The point cloud simplification can be realized by eliminating the remaining discrete points after clustering by using a clustering algorithm.
The point cloud splicing is suitable for the condition that multi-frame point cloud data exist, and the multi-frame point cloud data can be spliced to obtain a point cloud splicing base map.
The processing of the point cloud data may include the processes of point cloud denoising, point cloud simplification and point cloud splicing, or one or two of them may be selected, which is not described herein again. The preprocessed point cloud data can be used as a preprocessing result.

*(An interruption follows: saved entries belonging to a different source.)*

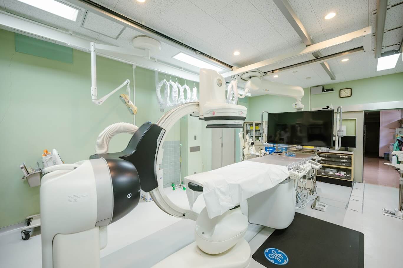 血管内にカテーテルという管を目的血管まで進めていき造影剤を使用して血管の画像を得る検査です。また、狭心症や心筋梗塞などの原因である狭くなった血管(冠動脈)を広げたり、喀血では出血の原因となる血管を塞ぐなどの治療を行ったりしています。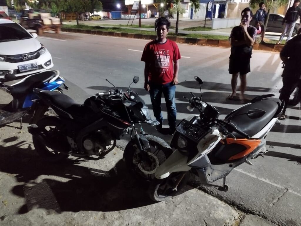 Tabrakan itu terus berlanjut, karena Mobil Honda Brio kedua yang ditabrak terdorong dan menghantam dua sepeda motor yang juga sedang terparkir yakni X-Ride dengan nopol DT 6132 MF dan Vixion DT 6806 RE.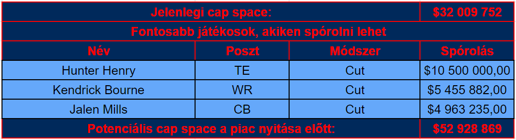 A New Englandnek 32 millió dollárnyi cap space áll a rendelkezésére már most, ráadásul ezen nagyon könnyen javítani lehet pár korábbi bust igazolás elküldésével:

The second sub-neural network model is configured to: and receiving the preprocessing result, and determining the geographic position characteristics of the object to be marked contained in the preprocessing result. The geo-location features may include the location of the object to be annotated in the point cloud data or may include the location of the object to be annotated in the world coordinate system. The geographic position feature may be a geographic position feature of the geometric shape (contour) of the object to be labeled, such as the aforementioned (dotted line, solid line) line contour, the contour of the turning arrow, and the like.
The third sub-neural network model is configured to: and receiving the contents output by the first sub-neural network model and the second sub-neural network model, and fusing the contents output by the two sub-network models. The principle of the fusion process may be to complement or calibrate the contents output by the two sub-neural network models.
For example, the geographic position of each object to be labeled can be determined by taking the geographic position feature of the object to be labeled output by the second sub-neural network model as a main feature. And then, the content output by the first sub-neural network model is used as compensation information to make up the situation that the object to be marked is unclear and the like due to light reflection or loss possibly occurring in the point cloud data. Specifically, the relative position relationship between the point cloud data and the image data identifying the object to be marked can be determined by the (internal and external) parameters of the image acquisition device and the (internal and external) parameters of the point cloud data acquisition device. And then the projection of the pixel points is carried out by utilizing the relative position relation, thereby realizing complementation and mutual calibration. Alternatively, the spatial coordinates of the object to be labeled may also be determined according to (internal and external) parameters of the image acquisition device and the position of the object to be labeled in the image data. And performing complementation and mutual calibration by using the space coordinates and the 3D pixel points in the point cloud data.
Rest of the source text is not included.